After March 2024 we have complete tracking of slides. Previous data are just for documentation purposes. Previous to March 2024 the PACS and scanner data only have incremental slide ids. So it will not be possible to track the slides and also the cases.
Also consider that we will group the slide data per case id (erisim numarasi) and then find the minimum and maximum times. For a case to be ready to be signed out we need all slides to be ready. That is why we will need maximum time. To find the durations we need their diferences.
there may be some errors in the data. the typical workflow should not have negative times. the flow should be lab -> scanner -> pacs.

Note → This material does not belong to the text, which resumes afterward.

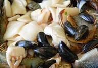 Этап 25. Затем берём креветки, мидии, крабов, кальмаров.
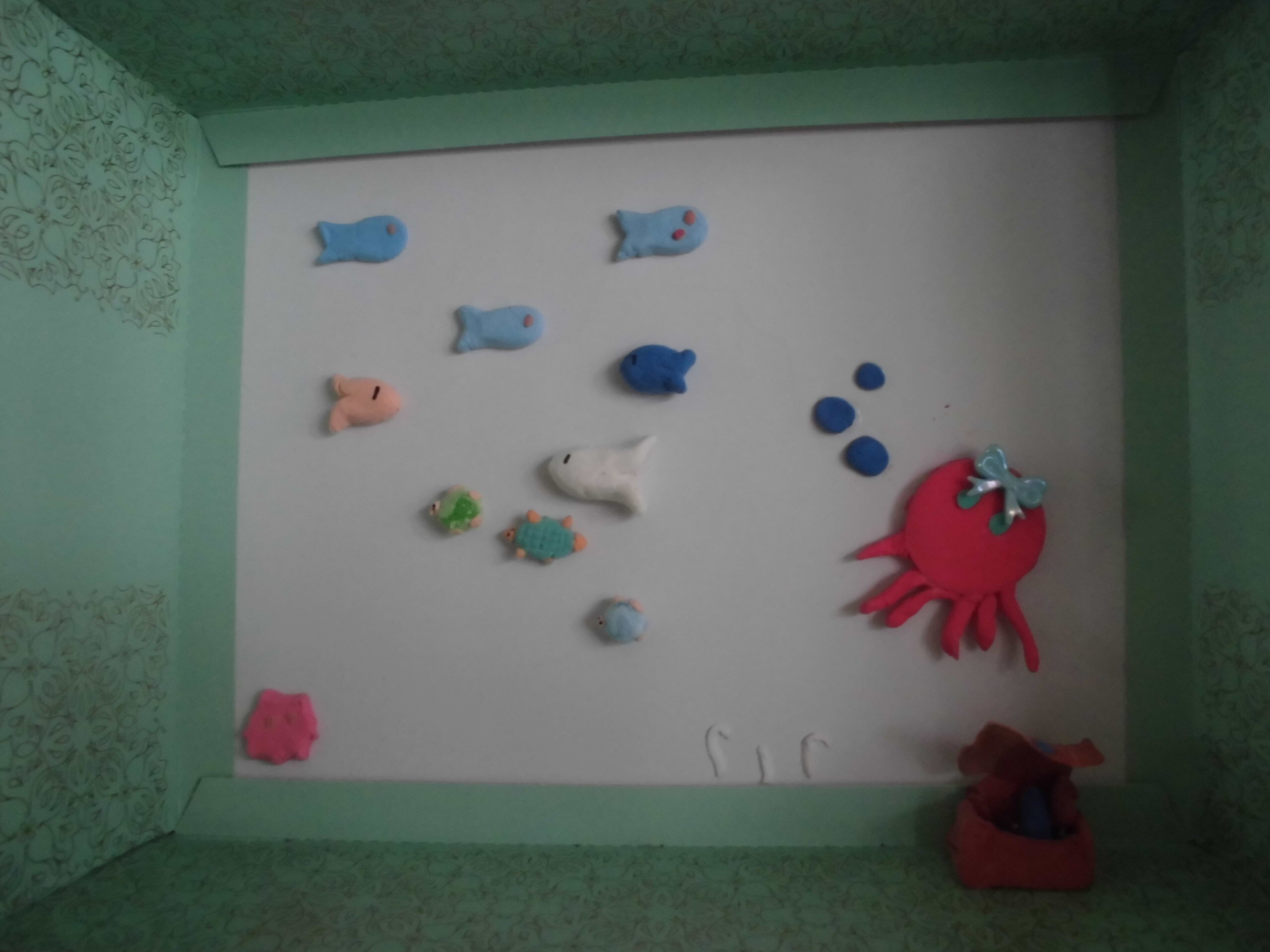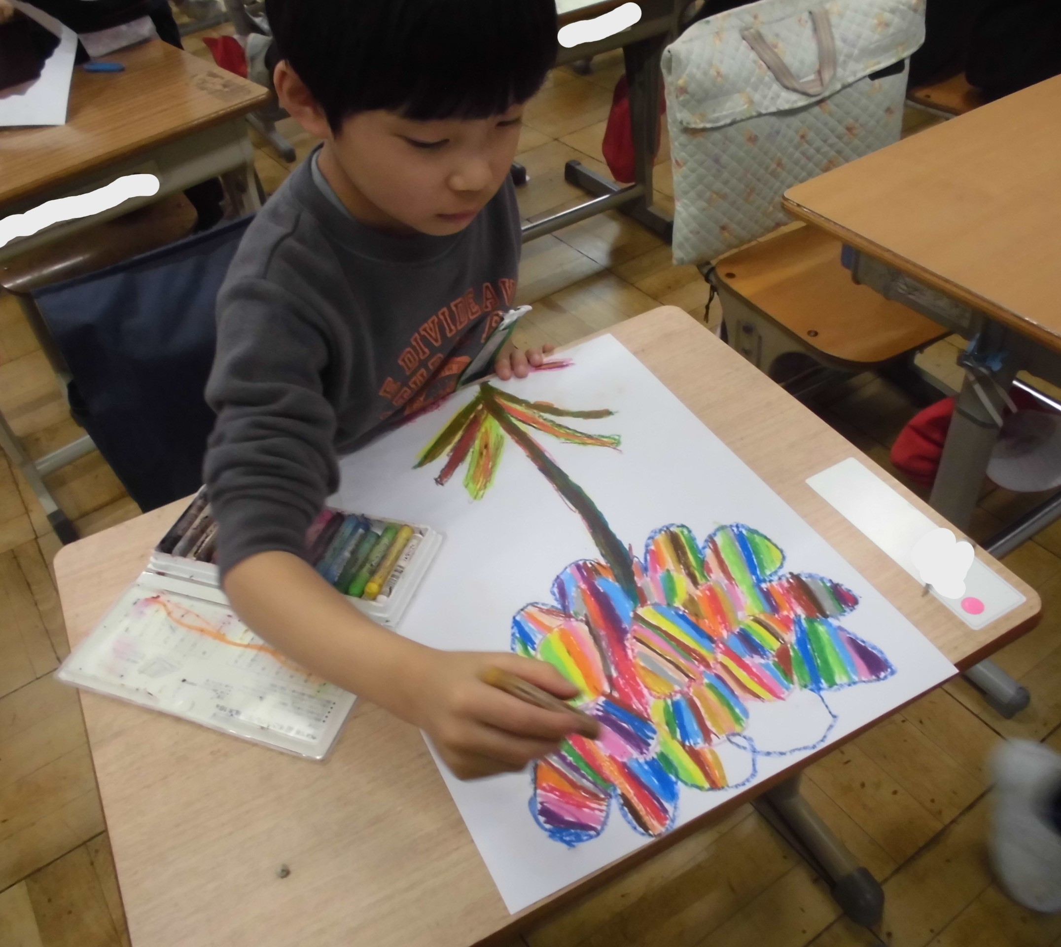 1年生は、図工に取り組んでおり、クレヨンで丁寧な色塗りをする子どもたちの姿に感心させられました。「ひとつひとつ丁寧に」を心掛けてください。3年生の教室には、図工の時間に作製した作品が飾られていました。箱の中に「海の中」を表現したもので、こちらも「ひとつひとつ丁寧に」が心掛けられた作品でした。すばらしい!!

- but maybe a slide is forgotten and scanned later etc. Also there will be immunohistochemistry slides that are scanned 3-4 days after accession. These are not what we are after. Because they come after the pathologists evaluation. So for time intervals we will focus on HE slides only. HE is the hematoxylene&eosine abbreviation. it will be also safe to think that after acession the cases are scanned within next 24 hours. Later than that may mean laboratory downtime.
- Exclusion Criteria:
  - Turnaround Time Analysis: To strictly focus on the initial scanning time of routine diagnostic slides, we exclude all non-routine samples. This includes Immunohistochemistry (IHC), Histochemistry (Special Stains), Recuts (coded as YK, DYK, SK, SSK), Additional samples (YP), and Cytology (PAP). We achieve this by filtering the dataset to include only slides with staining labeled as “HE”, “H&E”, or where the staining information is missing (empty). A user-editable stain mapping lives in config/stain_mapping.csv to correct or expand groupings without touching code.
  - Rescan Analysis: For the analysis of rescan rates, we include Recuts and Additional pieces as part of the “Routine HE” category, as these represent valid scanning events in the routine workflow. Only Ancillary tests (IHC, Histochemistry) are categorized separately.
Also highlight potential downtime detections. where a scanner is stopped and many cases will have delays.
the lab does not work on Sundays. So we will not expect any staining to be done on Sundays.
We have 2 Leica AT2 scanner and 2 GT450 scanner. Slides coming from each scanner is evident in PACS data. there are some other scanners as well. Using this data evaluate how well are we using these machines? their downtime, their effective use
Keep raw data, we can refer them later on. make all the work reproducible. do not use hardcoded data. generate all output from given data.
before merging, save lab, scanner, and pacs data separately as interim data files. we may need them later on.
Analyse lab, scanner, and pacs data separately.
Not all logs are complete so do not drop cases or slides with missing logs.